- **TRY IT**:
Pictures left aside, return the lines below exactly, from the one with "山東華躍建筑科技有限公司是一" to the end, including both ends.

- **PROVIDED MATERIAL**:
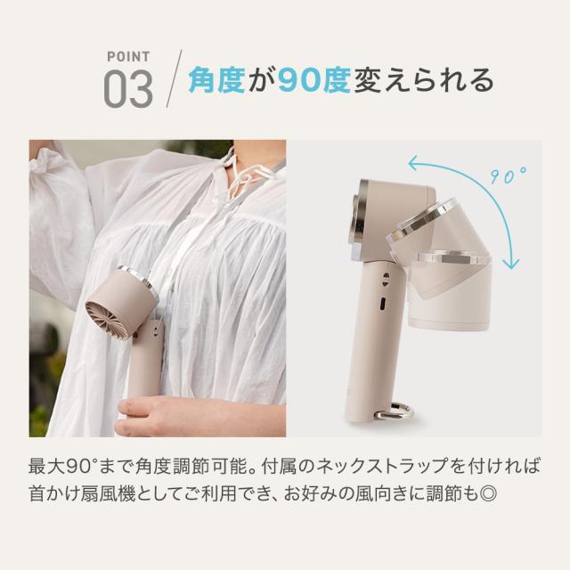 | 使用上の注意 | ・ご使用前には必ず取扱説明書をよく読んでからご使用ください。 ・乳幼児や小さなお子様が使用しないようにご注意ください。また、お子さまの手の届かない場所に保管してください。 ・送風口や吸気口、可動部に指を入れないようご注意ください。 ・箸や棒状のものを入れないようご注意ください。 ・髪の毛が巻き込まれないようにご注意ください ・本製品を高所から落としたり、ぶつける等の強い衝撃を与えたりしないでください。万が一、落下した場合はただちに使用を 中止してください。 ・本製品を火気や高温になる場所の近くに置かないでください。火災や変形、破損の原因となるおそれがあります。 ・充電の際は、5V/1A以上の出力電流を持つ充電器を使用し、付属のType-C電源ケーブルを使用してください。 ・本製品は防水仕様ではありません。水につけたり濡らしたりしないでください。 ・本製品を分解または改造しないでください。 ・バッテリーが膨張している場合は使用を中止してください。 |
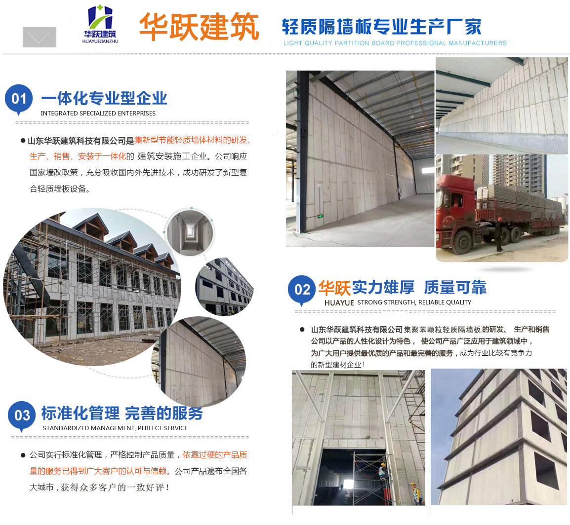 山東華躍建筑科技有限公司是一家從事新型節(jié)能環(huán)保建筑墻體材料的研究、開發(fā)、生產(chǎn)、銷售、安裝為一體的多元化建材企業(yè)。從事新型建材、聚苯顆粒輕質(zhì)隔墻板、硅酸鈣板輕質(zhì)復(fù)合墻板、輕質(zhì)隔墻板,蒸壓加氣混凝土墻板,空心板等綠色環(huán)保節(jié)能新型建材的研發(fā)、生產(chǎn)和銷售,并根據(jù)市場(chǎng)情況擬繼續(xù)擴(kuò)大其投資規(guī)模和領(lǐng)域。公司以產(chǎn)品的人性化設(shè)計(jì)為特色,使公司產(chǎn)品廣泛應(yīng)用于建筑領(lǐng)域中,成為行業(yè)有競(jìng)爭力的新型建材企業(yè)之一。公司將立足于當(dāng)代建材現(xiàn)代化發(fā)展前沿,依靠科技、勇于探索,以更好的產(chǎn)品、優(yōu)良服務(wù)、與廣大用戶攜手共創(chuàng)輝煌。公司響應(yīng)國家墻改政策,充分吸收國內(nèi)外技術(shù),成功研發(fā)了新型輕質(zhì)墻板,公司實(shí)行標(biāo)準(zhǔn)化管理,嚴(yán)格控制產(chǎn)品質(zhì)量,依靠過硬的產(chǎn)品質(zhì)量的服務(wù)已得到廣大客戶的認(rèn)可與信賴。公司產(chǎn)品遍布各大城市,與國內(nèi)、國外多家客戶建立了良好的合作關(guān)系。公司始終以“客戶價(jià)值很大化”為宗旨,堅(jiān)持“精益求精、誠而有信”的經(jīng)營理念,致力于低碳...
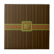 Add a little swank to your style with this simple yet classic pinstripe pattern with a chocolate brown base and a bright lime green accent stripe. This tile can be framed to create a trivet or placed inside a wooden gift box lid. Tiles without a frame will also fit inside the large gift box to create a matching set. Customize the monogram with your initial to make it your own.
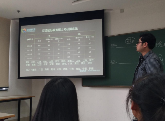 李老师首先向大家介绍了汉硕的就业前景及近年来的考研趋势。他用数据直观地向大家展示了汉教考研近几年的国家线和各大高校的院线,别出心裁地用买水果的例子向大家解释了推免的流程及意义。随后,李老师向大家分享了院校选择的几大原则,他指出:“要坚持院校优先,重名校效应;专业优先,重能力培养;两者兼顾,择实力强者”。在如何备考方面,李老师还向大家分享了一些与考研复试相关的实用经验,并以学姐学长们的考研成长故事来鼓励大家,点燃了同学们的考研信心。

- **ANSWER BELOW**:
 山東華躍建筑科技有限公司是一家從事新型節(jié)能環(huán)保建筑墻體材料的研究、開發(fā)、生產(chǎn)、銷售、安裝為一體的多元化建材企業(yè)。從事新型建材、聚苯顆粒輕質(zhì)隔墻板、硅酸鈣板輕質(zhì)復(fù)合墻板、輕質(zhì)隔墻板,蒸壓加氣混凝土墻板,空心板等綠色環(huán)保節(jié)能新型建材的研發(fā)、生產(chǎn)和銷售,并根據(jù)市場(chǎng)情況擬繼續(xù)擴(kuò)大其投資規(guī)模和領(lǐng)域。公司以產(chǎn)品的人性化設(shè)計(jì)為特色,使公司產(chǎn)品廣泛應(yīng)用于建筑領(lǐng)域中,成為行業(yè)有競(jìng)爭力的新型建材企業(yè)之一。公司將立足于當(dāng)代建材現(xiàn)代化發(fā)展前沿,依靠科技、勇于探索,以更好的產(chǎn)品、優(yōu)良服務(wù)、與廣大用戶攜手共創(chuàng)輝煌。公司響應(yīng)國家墻改政策,充分吸收國內(nèi)外技術(shù),成功研發(fā)了新型輕質(zhì)墻板,公司實(shí)行標(biāo)準(zhǔn)化管理,嚴(yán)格控制產(chǎn)品質(zhì)量,依靠過硬的產(chǎn)品質(zhì)量的服務(wù)已得到廣大客戶的認(rèn)可與信賴。公司產(chǎn)品遍布各大城市,與國內(nèi)、國外多家客戶建立了良好的合作關(guān)系。公司始終以“客戶價(jià)值很大化”為宗旨,堅(jiān)持“精益求精、誠而有信”的經(jīng)營理念,致力于低碳...
 Add a little swank to your style with this simple yet classic pinstripe pattern with a chocolate brown base and a bright lime green accent stripe. This tile can be framed to create a trivet or placed inside a wooden gift box lid. Tiles without a frame will also fit inside the large gift box to create a matching set. Customize the monogram with your initial to make it your own.
 李老师首先向大家介绍了汉硕的就业前景及近年来的考研趋势。他用数据直观地向大家展示了汉教考研近几年的国家线和各大高校的院线,别出心裁地用买水果的例子向大家解释了推免的流程及意义。随后,李老师向大家分享了院校选择的几大原则,他指出:“要坚持院校优先,重名校效应;专业优先,重能力培养;两者兼顾,择实力强者”。在如何备考方面,李老师还向大家分享了一些与考研复试相关的实用经验,并以学姐学长们的考研成长故事来鼓励大家,点燃了同学们的考研信心。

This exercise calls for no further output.